SMUX headers are always (at least) 32 bit aligned. To find the next SMUX header, take the fragment_size, and round up to the next 32 bit boundary.
Transmitters MAY insert NoOp control messages to force 64 bit alignment of the protocol stream.
A SMUX header with the long_length bit set must use the 32 bits following the SMUX header (the long_fragment_size field) for the value of the fragment_size field, for whatever purpose the fragment_size field is being used for.
Atoms are integers that are used as short-hand names for strings, which are defined using the InternAtom control message. Atoms are only used as protocol ID's in this version of SMUX, though they might be used for other purposes in future versions. Since the atom might be redefined at any time, it is not safe to use an atom unless you have defined it (i.e. you cannot use atoms defined by the other end of a mux connection). Atoms are therefore not unique values, and only make sense in the context of a particular direction of a particular mux connection. This restriction is to avoid having to define some protocol for deallocating atoms, with any round trip overhead that would likely imply.

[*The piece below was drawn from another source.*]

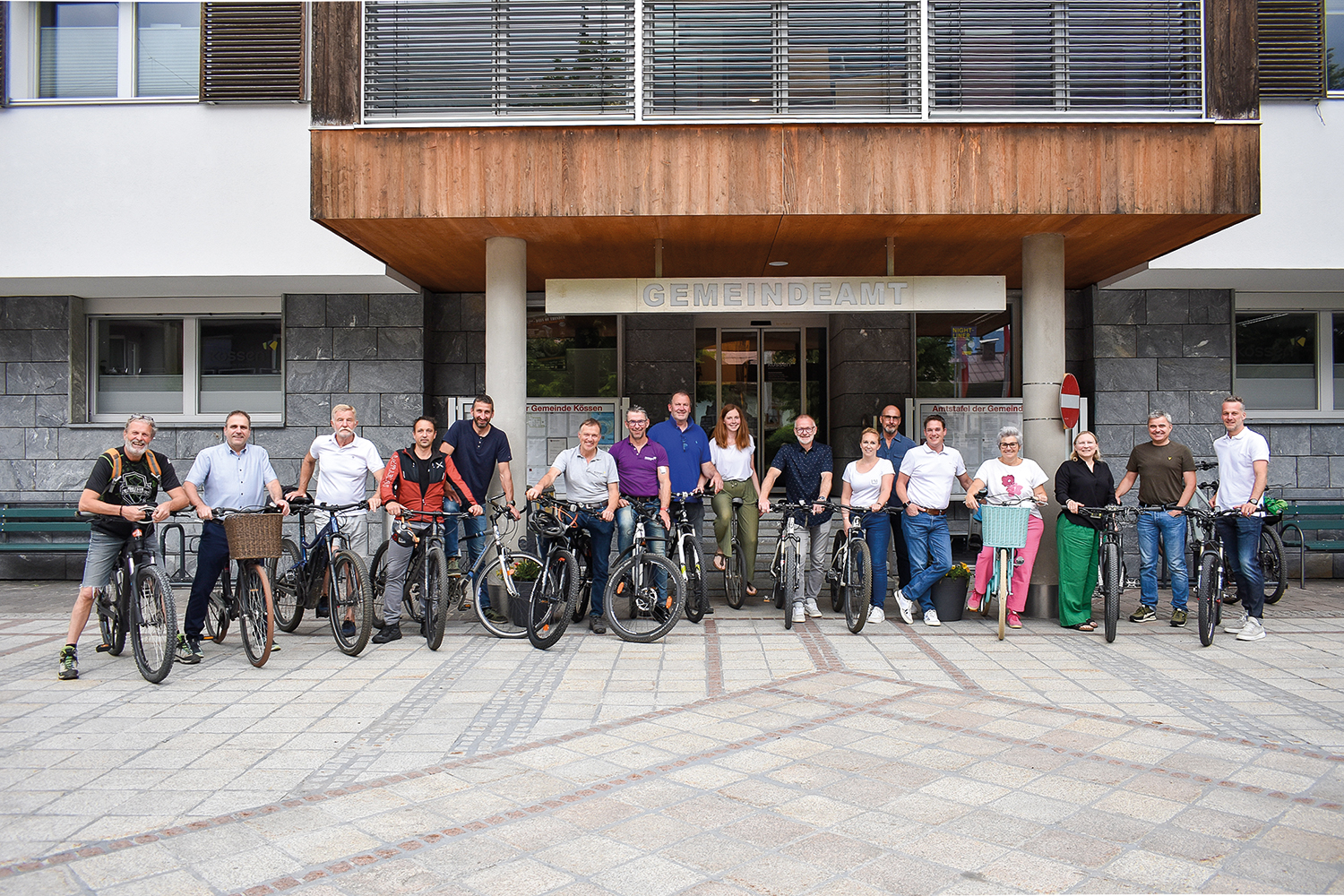 Im Rahmen der Teilnahme Kössens an der Initiative „Tirol radelt“ setzten die Gemeinderäte aufs Rad und kamen am 4. Juni mit dem Fahrrad zur Gemeinderatssitzung, die passenderweise zur „GemeindeRADsitzung“ umbenannt wurde. Nachdem die Aktion im Vorjahr wegen Schlechtwetters entfallen musste, herrschte heuer, bei der nun zweiten „GemeindeRADsitzung“, perfektes Radlwetter. „Was mich als Fahrradfan besonders freut, es kam wirklich der gesamte Gemeinderat geschlossen mit dem Rad zur Sitzung. Ein Engagement, das deutlich unsere Einstellung als radaffine Gemeinde unterstreicht“, so Reinhold Flörl, der ebenfalls fleißig in die Pedale tritt und derzeit an der Challenge „Goldenen Fahrradklingel“ zwischen den Tiroler Gemeindevertretern teilnimmt. Vor zwei Jahren holte der Bürgermeister die „Goldene Fahrradklingel“ bereits nach Kössen. „Natürlich bin ich bestrebt, den Titel 2025 wieder zu erringen. Ich will dazu jeden Tag im Juni mit dem Rad fahren, damit die Trophäe wieder dorthin kommt, wo sie hingehört – zu uns nach Kössen“, erklärt Reinhold Flörl mit einem Augenzwinkern. Zum Redaktionsschluss, am 10. Juni, lag der Bürgermeister auf jedem Fall gut im Rennen.

Strings are defined to be UTF-8 encoded UNICODE strings. (Note that an ascii string is valid UTF-8). The definition of structure of these strings is outside of the scope of this document, though we expect they will often be URI's, naming a protocol or stack of protocols. Atoms always have values between 0x20000 and 0x200ff (a maximum of 256 atoms can be defined).
Strings used for protocol id's MUST be URIs [28].

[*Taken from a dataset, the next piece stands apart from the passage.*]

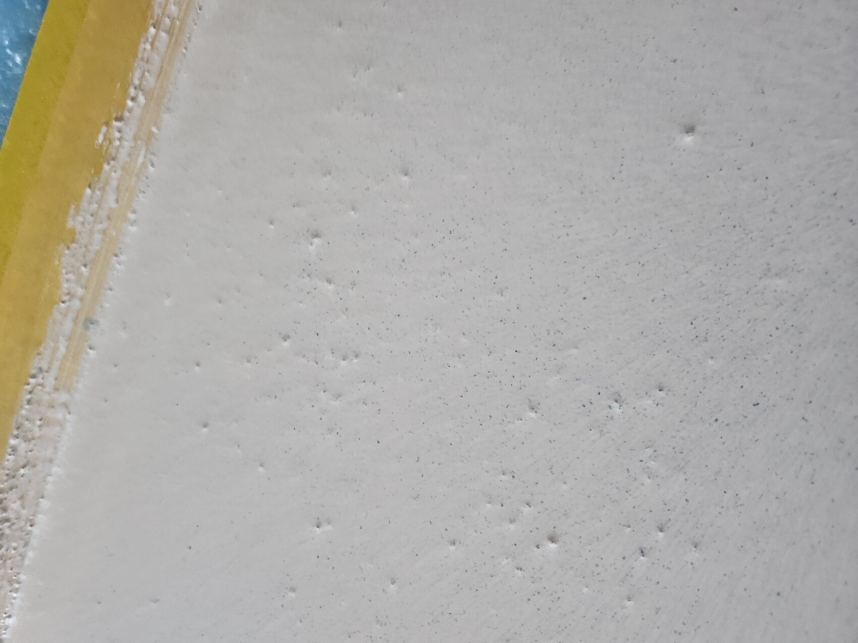 Die Fremdkörpereinschlüsse sind dadurch bedingt, dass vor dem Einbau des Flüssigmaterials der Unterboden nicht geschliffen und abgesaugt wurde.

The protocol used by a session is identified by a Protocol ID, which can either be an IANA port number, or an atom.
In the simplest case, a protocol ID is just a value in the range of 0-0x1FFFF, and specifies the TCP port number (0x0000-0xffff) or UDP port number (0x10000-0x1ffff) of the protocol per the IANA port number registry [17]. Firewall proxies can presume that the bytes should conform to that protocol. Protocol ID's above 0xfffff are atoms. The scheme name of the URI indicates the protocol family being used.
Each session is allocated a session identifier. Session Identifiers below 0 and 1 are reserved for future use. Session IDs allocated by initiator of the transport TCP connection are even; those allocated by the receiver of the transport connection odd. Proxies that do not understand messages of reserved Session ID's should forward them unchanged. A session identifier MUST only be deallocated and potentially reused by new sessions when a session is fully closed in both directions.
To establish a new session, the initiating end sends a SYN message, allocating a free session number out of its address space. A session is established by setting the SYN bit in the first message sent on that session. The session is specified by the session_id field. The fragment_size field is interpreted as the protocol ID of the session, as discussed above.
The receiver MUST either open the reverse path of that session (send a SYN message), or it MUST send a FIN message to indicate that the reverse path is not going to be used further, or send a RST message to indicate an error. This enables the initiator of a session to know when it is safe to reuse that session ID.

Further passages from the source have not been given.